**Data supplied:**
# # # # #

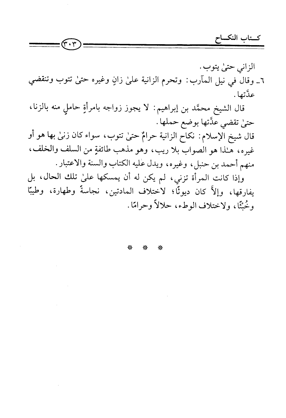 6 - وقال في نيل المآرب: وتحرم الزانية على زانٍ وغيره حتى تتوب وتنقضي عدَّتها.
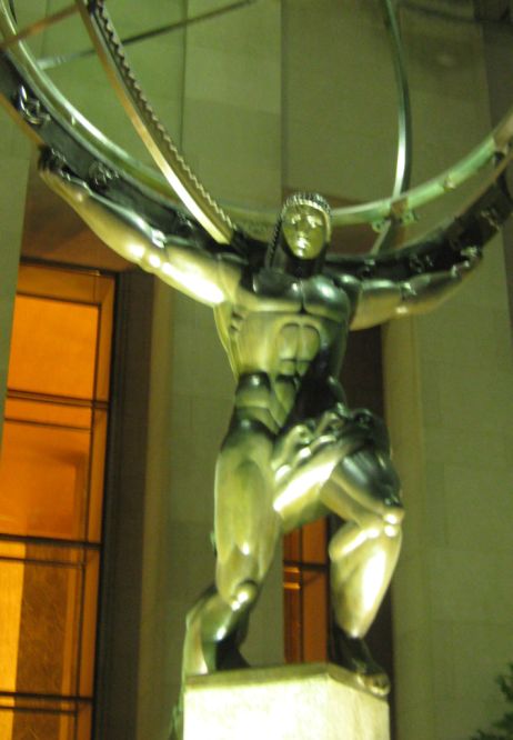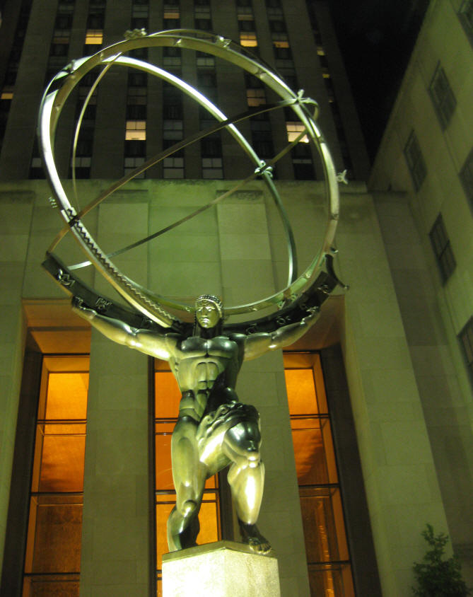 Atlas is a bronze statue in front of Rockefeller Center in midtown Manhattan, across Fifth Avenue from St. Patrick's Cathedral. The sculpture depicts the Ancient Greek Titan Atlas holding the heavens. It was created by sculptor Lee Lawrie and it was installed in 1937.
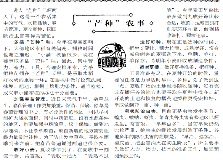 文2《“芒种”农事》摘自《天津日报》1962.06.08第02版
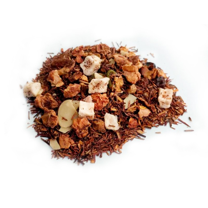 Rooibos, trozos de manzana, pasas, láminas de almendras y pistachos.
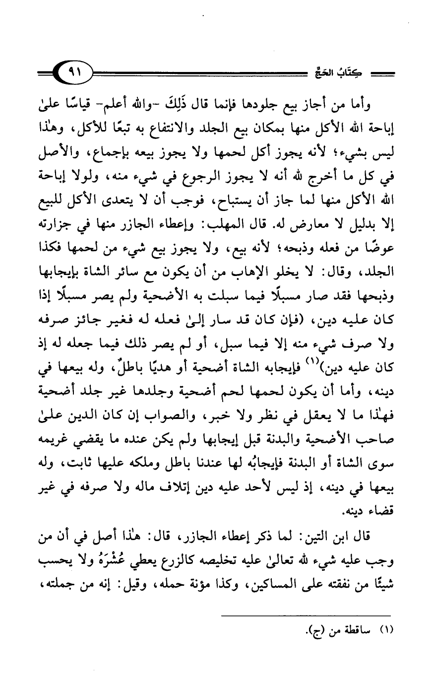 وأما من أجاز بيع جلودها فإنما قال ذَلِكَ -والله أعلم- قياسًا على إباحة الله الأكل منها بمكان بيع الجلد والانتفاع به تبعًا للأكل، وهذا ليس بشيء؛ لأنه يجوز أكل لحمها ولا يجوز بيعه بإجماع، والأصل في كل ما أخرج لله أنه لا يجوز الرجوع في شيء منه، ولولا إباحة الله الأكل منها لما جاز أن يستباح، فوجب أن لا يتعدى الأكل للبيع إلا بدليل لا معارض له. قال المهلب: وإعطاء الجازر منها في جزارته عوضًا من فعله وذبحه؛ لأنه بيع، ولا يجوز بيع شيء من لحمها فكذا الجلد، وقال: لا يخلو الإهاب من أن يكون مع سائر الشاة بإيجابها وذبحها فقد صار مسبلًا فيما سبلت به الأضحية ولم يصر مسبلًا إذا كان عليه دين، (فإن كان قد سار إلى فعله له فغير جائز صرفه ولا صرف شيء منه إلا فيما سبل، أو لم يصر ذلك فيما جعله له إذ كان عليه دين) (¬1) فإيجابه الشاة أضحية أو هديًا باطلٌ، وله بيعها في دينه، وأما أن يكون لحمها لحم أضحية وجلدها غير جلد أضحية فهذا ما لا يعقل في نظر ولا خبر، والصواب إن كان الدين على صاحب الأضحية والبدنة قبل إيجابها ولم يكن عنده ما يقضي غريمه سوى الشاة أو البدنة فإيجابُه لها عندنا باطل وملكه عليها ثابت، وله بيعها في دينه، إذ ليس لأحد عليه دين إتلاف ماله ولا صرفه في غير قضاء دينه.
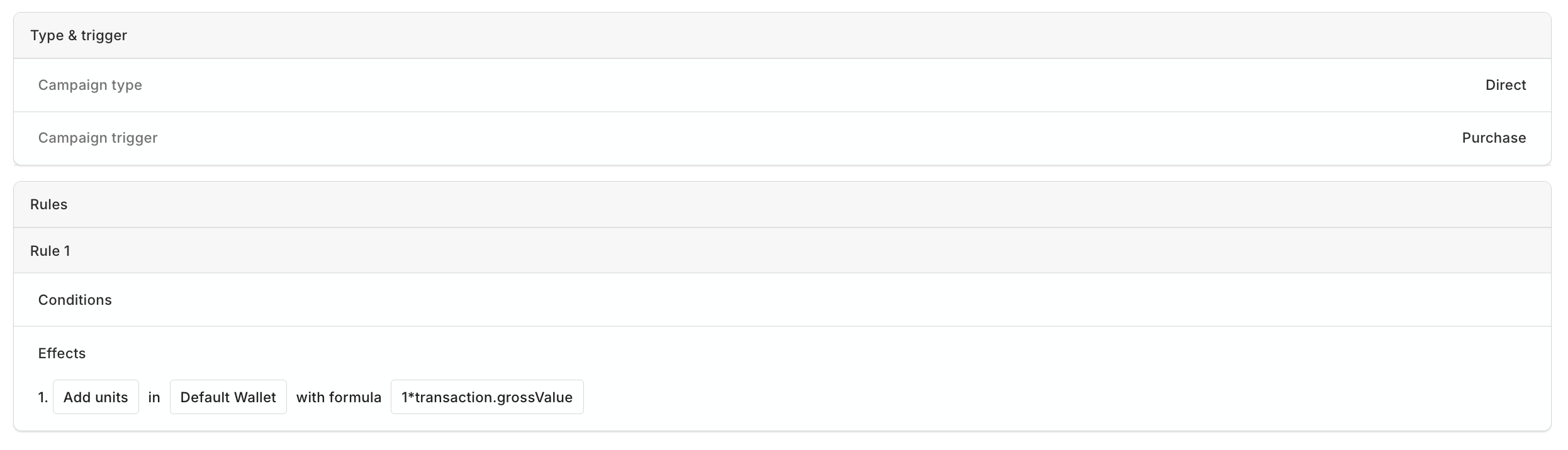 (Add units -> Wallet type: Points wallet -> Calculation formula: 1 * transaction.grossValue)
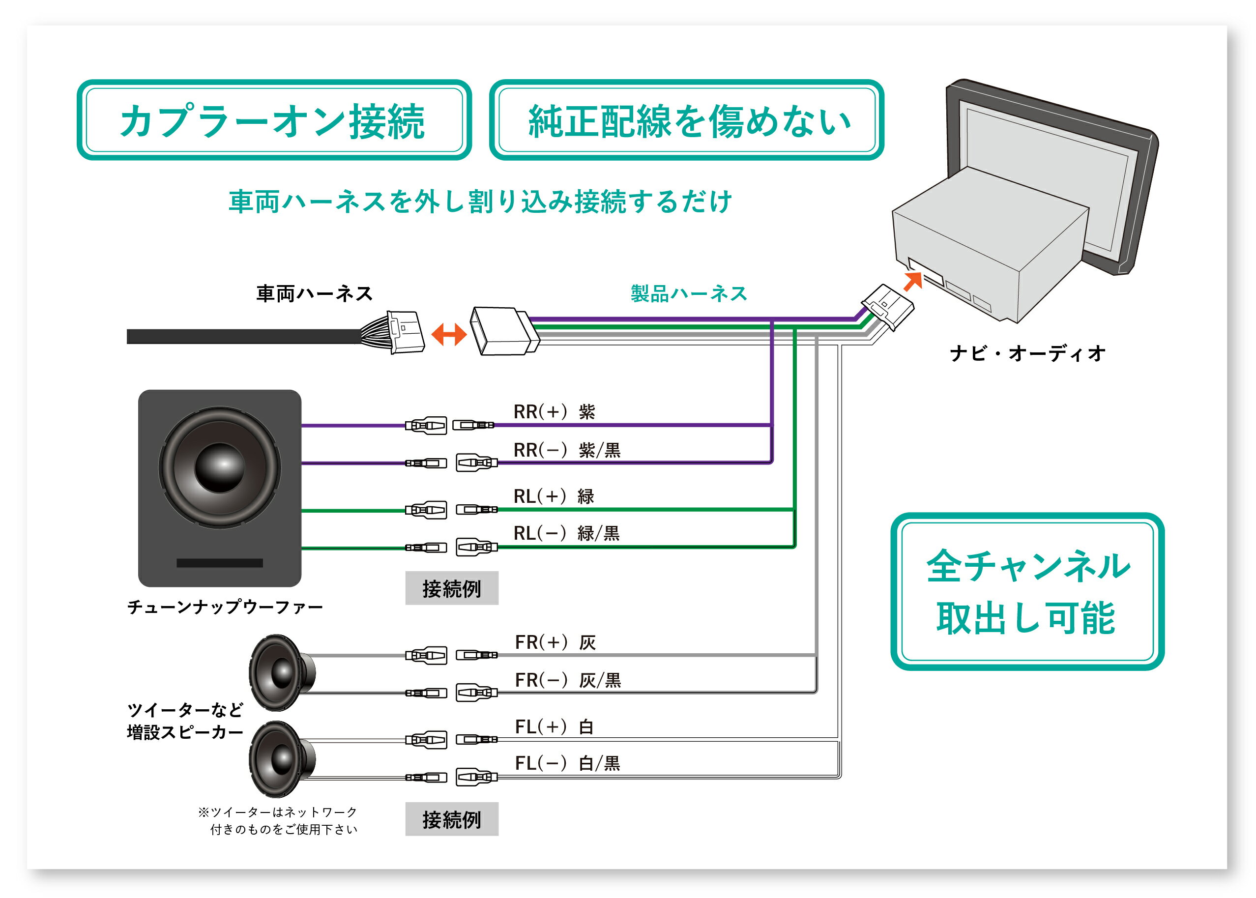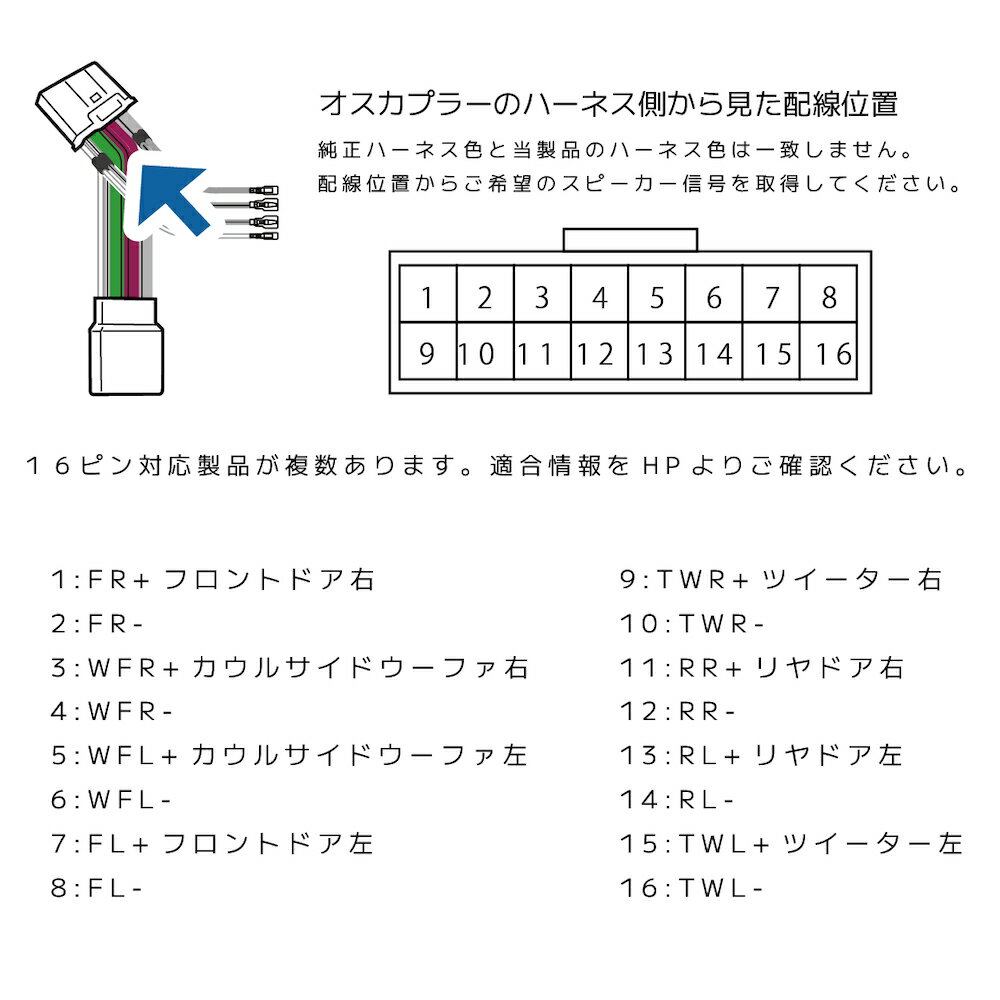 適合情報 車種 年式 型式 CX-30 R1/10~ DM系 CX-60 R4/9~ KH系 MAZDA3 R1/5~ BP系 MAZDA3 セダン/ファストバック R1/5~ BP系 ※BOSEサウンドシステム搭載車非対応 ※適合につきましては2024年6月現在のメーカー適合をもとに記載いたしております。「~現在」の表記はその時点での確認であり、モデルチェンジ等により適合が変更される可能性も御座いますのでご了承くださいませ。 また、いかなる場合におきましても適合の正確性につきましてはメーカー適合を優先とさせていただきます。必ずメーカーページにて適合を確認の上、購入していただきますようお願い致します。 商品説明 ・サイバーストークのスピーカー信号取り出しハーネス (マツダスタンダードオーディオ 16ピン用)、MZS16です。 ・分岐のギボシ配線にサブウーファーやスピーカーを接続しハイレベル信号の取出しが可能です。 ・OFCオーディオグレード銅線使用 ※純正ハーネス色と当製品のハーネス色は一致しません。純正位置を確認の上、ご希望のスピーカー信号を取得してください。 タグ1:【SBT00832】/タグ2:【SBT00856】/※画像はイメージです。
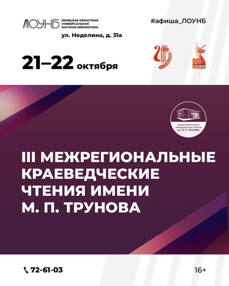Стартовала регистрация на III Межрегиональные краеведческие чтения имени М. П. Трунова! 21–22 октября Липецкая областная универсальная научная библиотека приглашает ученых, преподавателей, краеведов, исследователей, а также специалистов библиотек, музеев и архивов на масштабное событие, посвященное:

# # # # #

**What to work on:** Render the data above verbatim and without pictures.

**Solution:**
 6 - وقال في نيل المآرب: وتحرم الزانية على زانٍ وغيره حتى تتوب وتنقضي عدَّتها.
 Atlas is a bronze statue in front of Rockefeller Center in midtown Manhattan, across Fifth Avenue from St. Patrick's Cathedral. The sculpture depicts the Ancient Greek Titan Atlas holding the heavens. It was created by sculptor Lee Lawrie and it was installed in 1937.
 文2《“芒种”农事》摘自《天津日报》1962.06.08第02版
 Rooibos, trozos de manzana, pasas, láminas de almendras y pistachos.
 وأما من أجاز بيع جلودها فإنما قال ذَلِكَ -والله أعلم- قياسًا على إباحة الله الأكل منها بمكان بيع الجلد والانتفاع به تبعًا للأكل، وهذا ليس بشيء؛ لأنه يجوز أكل لحمها ولا يجوز بيعه بإجماع، والأصل في كل ما أخرج لله أنه لا يجوز الرجوع في شيء منه، ولولا إباحة الله الأكل منها لما جاز أن يستباح، فوجب أن لا يتعدى الأكل للبيع إلا بدليل لا معارض له. قال المهلب: وإعطاء الجازر منها في جزارته عوضًا من فعله وذبحه؛ لأنه بيع، ولا يجوز بيع شيء من لحمها فكذا الجلد، وقال: لا يخلو الإهاب من أن يكون مع سائر الشاة بإيجابها وذبحها فقد صار مسبلًا فيما سبلت به الأضحية ولم يصر مسبلًا إذا كان عليه دين، (فإن كان قد سار إلى فعله له فغير جائز صرفه ولا صرف شيء منه إلا فيما سبل، أو لم يصر ذلك فيما جعله له إذ كان عليه دين) (¬1) فإيجابه الشاة أضحية أو هديًا باطلٌ، وله بيعها في دينه، وأما أن يكون لحمها لحم أضحية وجلدها غير جلد أضحية فهذا ما لا يعقل في نظر ولا خبر، والصواب إن كان الدين على صاحب الأضحية والبدنة قبل إيجابها ولم يكن عنده ما يقضي غريمه سوى الشاة أو البدنة فإيجابُه لها عندنا باطل وملكه عليها ثابت، وله بيعها في دينه، إذ ليس لأحد عليه دين إتلاف ماله ولا صرفه في غير قضاء دينه.
 (Add units -> Wallet type: Points wallet -> Calculation formula: 1 * transaction.grossValue)
 適合情報 車種 年式 型式 CX-30 R1/10~ DM系 CX-60 R4/9~ KH系 MAZDA3 R1/5~ BP系 MAZDA3 セダン/ファストバック R1/5~ BP系 ※BOSEサウンドシステム搭載車非対応 ※適合につきましては2024年6月現在のメーカー適合をもとに記載いたしております。「~現在」の表記はその時点での確認であり、モデルチェンジ等により適合が変更される可能性も御座いますのでご了承くださいませ。 また、いかなる場合におきましても適合の正確性につきましてはメーカー適合を優先とさせていただきます。必ずメーカーページにて適合を確認の上、購入していただきますようお願い致します。 商品説明 ・サイバーストークのスピーカー信号取り出しハーネス (マツダスタンダードオーディオ 16ピン用)、MZS16です。 ・分岐のギボシ配線にサブウーファーやスピーカーを接続しハイレベル信号の取出しが可能です。 ・OFCオーディオグレード銅線使用 ※純正ハーネス色と当製品のハーネス色は一致しません。純正位置を確認の上、ご希望のスピーカー信号を取得してください。 タグ1:【SBT00832】/タグ2:【SBT00856】/※画像はイメージです。
Стартовала регистрация на III Межрегиональные краеведческие чтения имени М. П. Трунова! 21–22 октября Липецкая областная универсальная научная библиотека приглашает ученых, преподавателей, краеведов, исследователей, а также специалистов библиотек, музеев и архивов на масштабное событие, посвященное:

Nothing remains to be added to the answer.